**DATA SHOWN**:
* * * * * * *

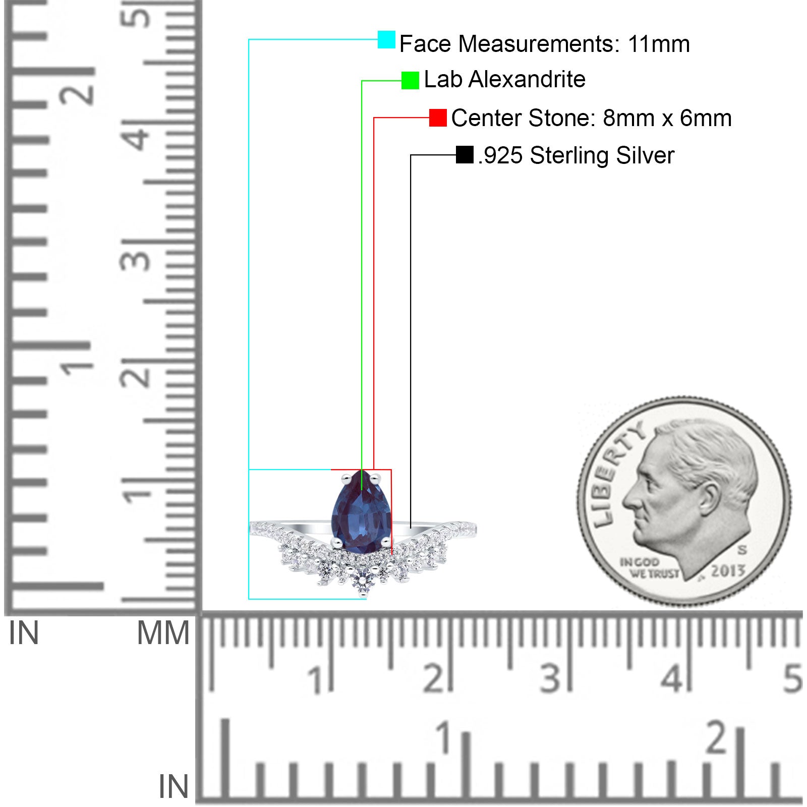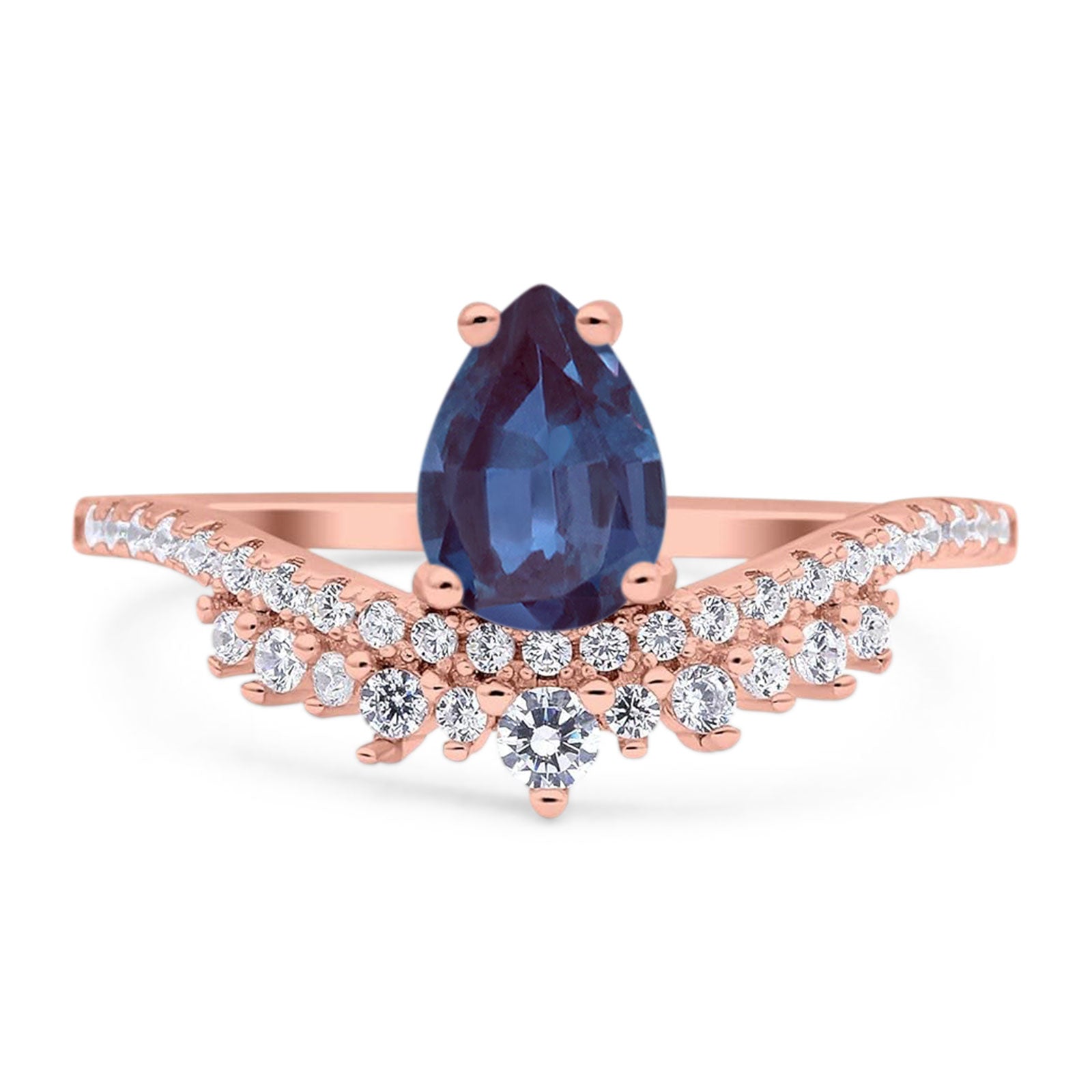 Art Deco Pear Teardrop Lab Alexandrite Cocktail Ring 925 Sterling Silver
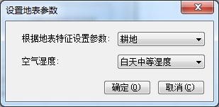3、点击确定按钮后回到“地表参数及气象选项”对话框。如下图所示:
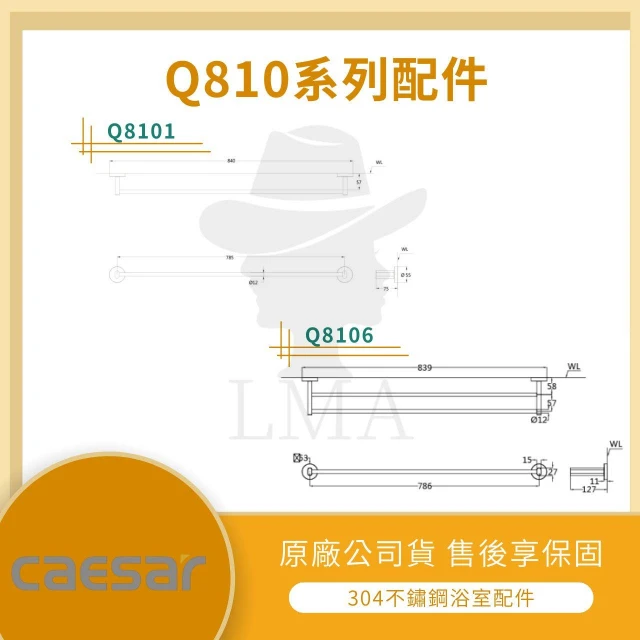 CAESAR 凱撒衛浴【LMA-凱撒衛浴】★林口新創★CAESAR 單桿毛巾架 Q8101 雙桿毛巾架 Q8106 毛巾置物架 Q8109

* * * * * * *

**TRY IT**: Apart from its pictures, the data is to be repeated exactly.

**FINISHED EXERCISE**:
 Art Deco Pear Teardrop Lab Alexandrite Cocktail Ring 925 Sterling Silver
3、点击确定按钮后回到“地表参数及气象选项”对话框。如下图所示:
 CAESAR 凱撒衛浴【LMA-凱撒衛浴】★林口新創★CAESAR 單桿毛巾架 Q8101 雙桿毛巾架 Q8106 毛巾置物架 Q8109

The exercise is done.